- Born: Tuku'aho 14 November 1991 (age 34) Royal Palace, Nukuʻalofa, Tonga

Names
- Salote Maumautaimi Haim Hadessah Ber Yardena ‘Alanuanua Tuku’aho
- House: Tupou
- Father: Prince Fatafehi 'Alaivahamama'o Tuku'aho
- Mother: Alaileula Tuku'aho
- Religion: Methodism

= Salote Maumautaimi Tuku'aho =

Salote Maumautaimi Tuku'aho (14 November 1991) is a member of the Tongan Royal Family.

== Early life ==
Salote is the second child and only daughter of Prince Fatafehi 'Alaivahamama'o Tuku'aho and Alaileula Tuku'aho.

== Official titles ==
Salote Maumautaimi Tuku'aho is a legitimate daughter of royalty for both the nations of Tonga and Samoa. While her father the late Prince Fatafehi Alaivahamama'o was stripped of his 'Princely' title for marrying a commoner, many in Tonga and particularly those from the Tatakamotonga, Fua'amotu, Navutoka regions have continued to refer to Salote as the region's princess due to her high rank and direct descent from the King.

Her official known titles are 'Eiki Salote Maumautaimi Tuku'aho, the Honourable Salote Maumautaimi Tuku'aho or Princess Salote Maumautaimi Tuku'aho.

== Duties ==
Salote represents his Majesty King Tupou VI in an official capacity for both state and family functions.

In 2007 Salote, led massed schoolgirls in traditional songs and dances at a ceremony at a waterfront park in Nuku'alofa to open the Pacific Islands Forum meeting, involving leaders from 16 member countries. She was present Her uncle, King George Tupou V, who was chief guest of honour at the time.
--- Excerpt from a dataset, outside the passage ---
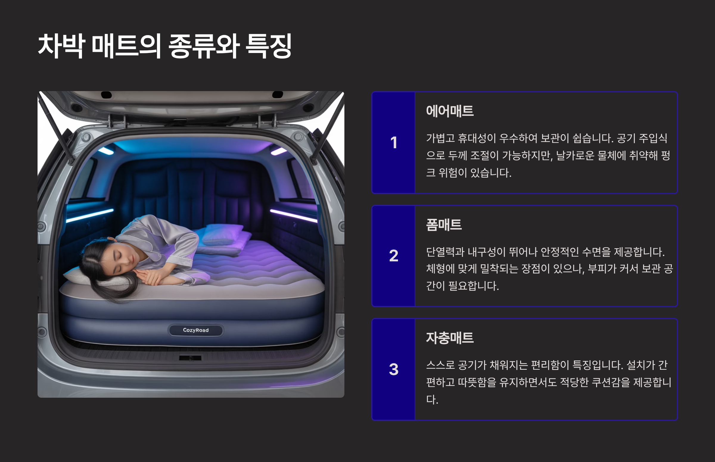 | SUV / 미니밴 | 두꺼운 자충식 또는 에어 매트 | 차량 내부 사이즈에 맞는 맞춤형 매트 고려 |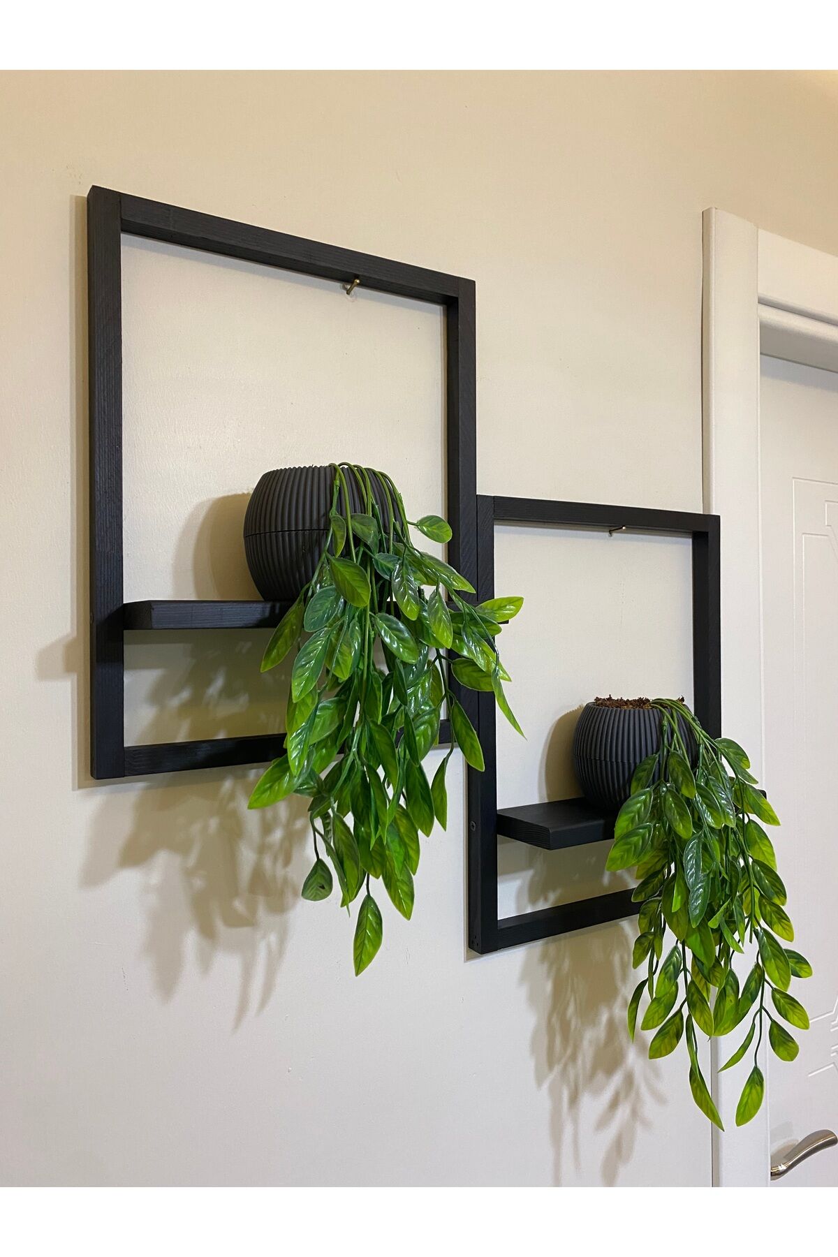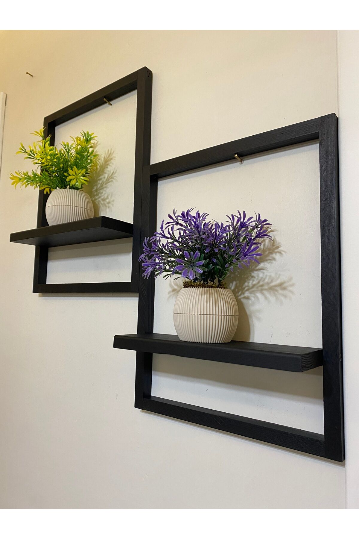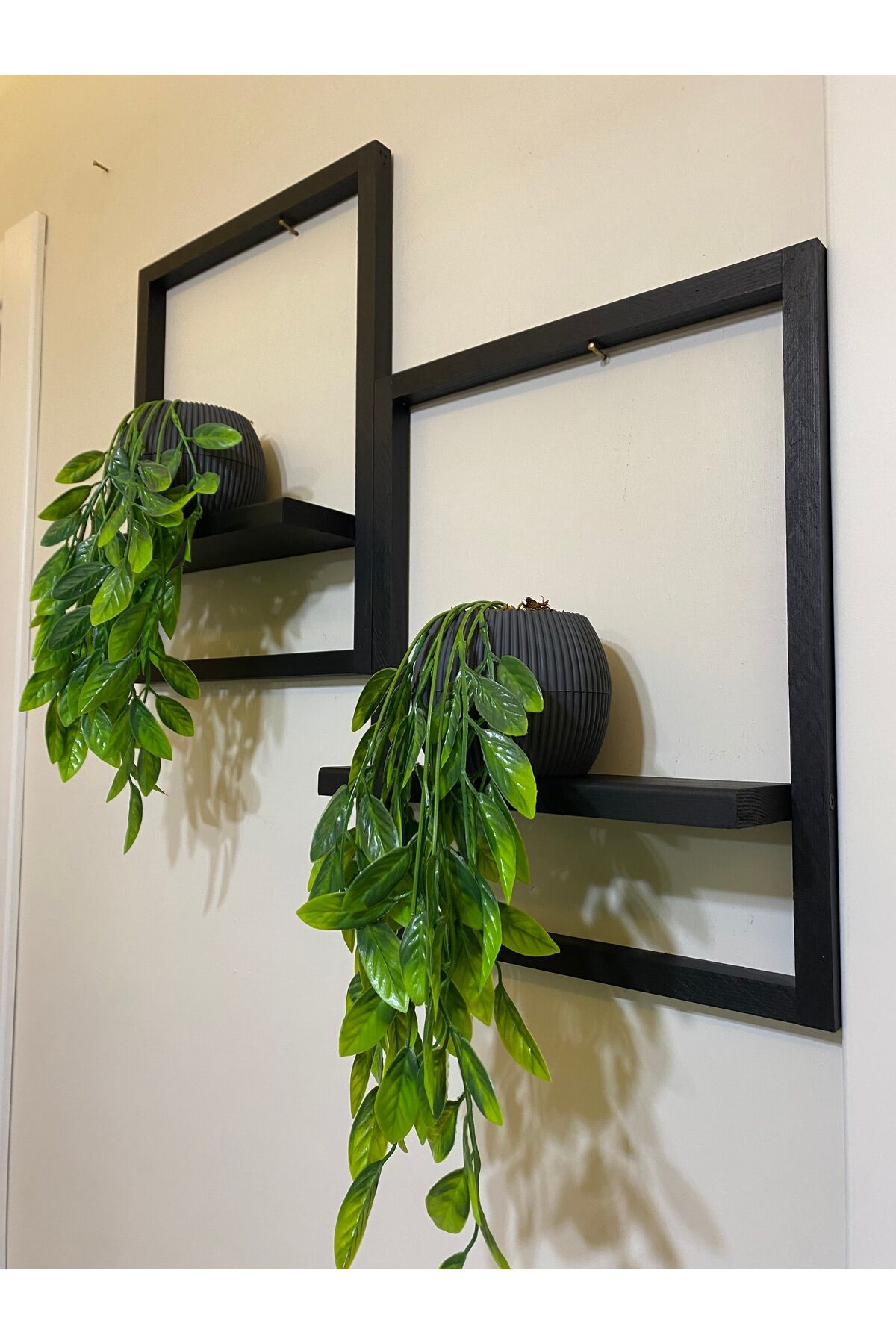 2' Li Lüx Dekoratif Siyah Ahşap Çerçeveli Raf Çiçeklik Duvar Süsü Ev Antre Hol Balkon Süsü

In 2015 she was the guest of honour for the introduction of a new water supply in Fua'amotu which was gifted by the Japanese government.

In 2017 she accompanied her older brother Prince Tungi in his presentation to the royal palace for the late Queen Mother's funeral.

In July 2022 it was announced that she was engaged to Faka’osifono Valevale, son of Lord Nuku.